Question

Eigenvectors anybody/

Answer 1

\[ \textbf{T}= \begin{pmatrix} 1 & 1-i \\ 1+i & 0 \\ \end{pmatrix} \]\[\lambda_{1,2}=-1,2 \in \mathbb{R}\]

Answer 2

2 1-i
1+i 1

1 (1-i)/2
1+i 1

-1-i 0
1+i 1

1 (1-i)/2
0 1

1 0
0 1

hmm

Answer 3

does that mean 0,0 is a eugene vector?

Answer 4

i dont think that a zero vector is allowed to be an eigenvector

Answer 5

i dont think so either

Answer 6

did we get the Ls right?

Answer 7

i think i get L = -1 and 0

Answer 8

Ls?

Answer 9

of you mean lambdas yeah im sure they are right

Answer 10

\[\text{The Eigenvalues of }\textbf{T } \lambda_j \]\[\textbf{T}|\alpha \rangle=\lambda_j|\alpha\rangle \]\[\left( \textbf{T}-\lambda \textbf{I}\right) | \alpha \rangle =0\]\[\left| \begin{pmatrix} 1-\lambda & 1-i \\ 1+i & -\lambda \\ \end{pmatrix}\right|=0\]\[(1-\lambda)(-\lambda)-(1+i)(1-i)=0\]\[\lambda^2-\lambda-(1-i^2)=0\]\[\lambda^2-\lambda-2=0\]\[(\lambda+1)(\lambda-2)=0\]\[\lambda_{1,2}=-1,2 \in \mathbb{R}\]

Answer 11

tell me if i have made a mistake

Answer 12

-(1+i) = -1-i

-1-i
1+i
------
-1 -i+i-i^2 = -1--1 = 0

Answer 13

1+i
1-i
----
1 +i -i -i^2 = 1--1 = 2

so i have to wonder what it is ive forgotten

Answer 14

-i -i = -2i; i see that

Answer 15

\[\textbf{T}|\alpha \rangle=\lambda_1|\alpha\rangle =-1|\alpha\rangle\]
\[ \begin{pmatrix} 1-(-1) & 1-i \\ 1+i & 0-(-1) \\ \end{pmatrix} \begin{pmatrix} \alpha_1\\ \alpha_2 \end{pmatrix} = -1\begin{pmatrix} \alpha_1\\ \alpha_2 \end{pmatrix}\]
\[ \begin{pmatrix} 2 & 1-i \\ 1+i & 1 \\ \end{pmatrix} \begin{pmatrix} \alpha_1\\ \alpha_2 \end{pmatrix} = \begin{pmatrix} -\alpha_1\\ -\alpha_2 \end{pmatrix}\]
\[2\alpha_1+(1-i)\alpha_2=-\alpha_1\quad{{(i)}}\]
\[(1+i)\alpha_1+\alpha_2=-\alpha_2\quad{{(ii)}}\]

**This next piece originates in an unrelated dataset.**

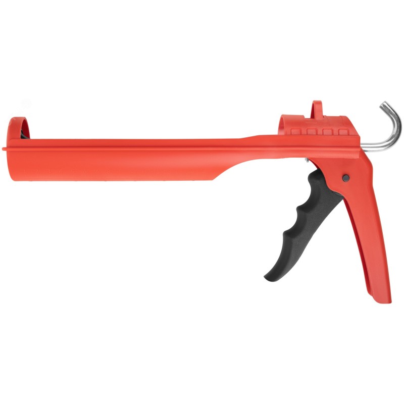 Предназначен для выдавливания герметика из стандартной тубы 310 мл. Полукорпусной. Противокальная система препятствует выделению излишков составов. Усиление фибергласом повышает прочность и износостойкость. Малый вес пистолета для снижения утомляемости. Цинковое антикоррозийное покрытие штока. Материал - рукоятка из полиамида, армированного фибергласом, корпус из полипропилена, армированного фибергласом, шток из инструментальной стали.

\[{(i) \rightarrow }\quad (1-i)\alpha_2=\alpha_1\]
\[{{(ii)}\rightarrow}\quad(1+i)\alpha_1=0\]

Answer 16

yours looks better :)

Answer 17

i have been working on it for quite some time

Answer 18

my innate ability to multiply incorrectly rears its head

Answer 19

i dont know if this help but the solution in the back of the book
part (c)

Answer 20

it looks like they have left something out to me

Answer 21

Ax = Lx

Ax - Lx = 0

(A-L)x = 0

rref A-L to determine eugene vectors

Answer 22

so i have to get it in reduced row echelon form i guess i didn't actually do that

Answer 23

thats what i tried to do before i forgot how to multiply

Answer 24

http://www.wolframalpha.com/input/?i=rref%7B%7B2%2C1-i%7D%2C%7B1%2Bi%2C1%7D%7D

Ev1 = [ (i-1)/2 ]
[ 1 ]

Answer 25

the other one should reduce to i-1 , 1

Answer 26

so the back of the book has the right answer,
and i hadn't thought of using wolfram to reduce my matrices so that is helpful to know as well.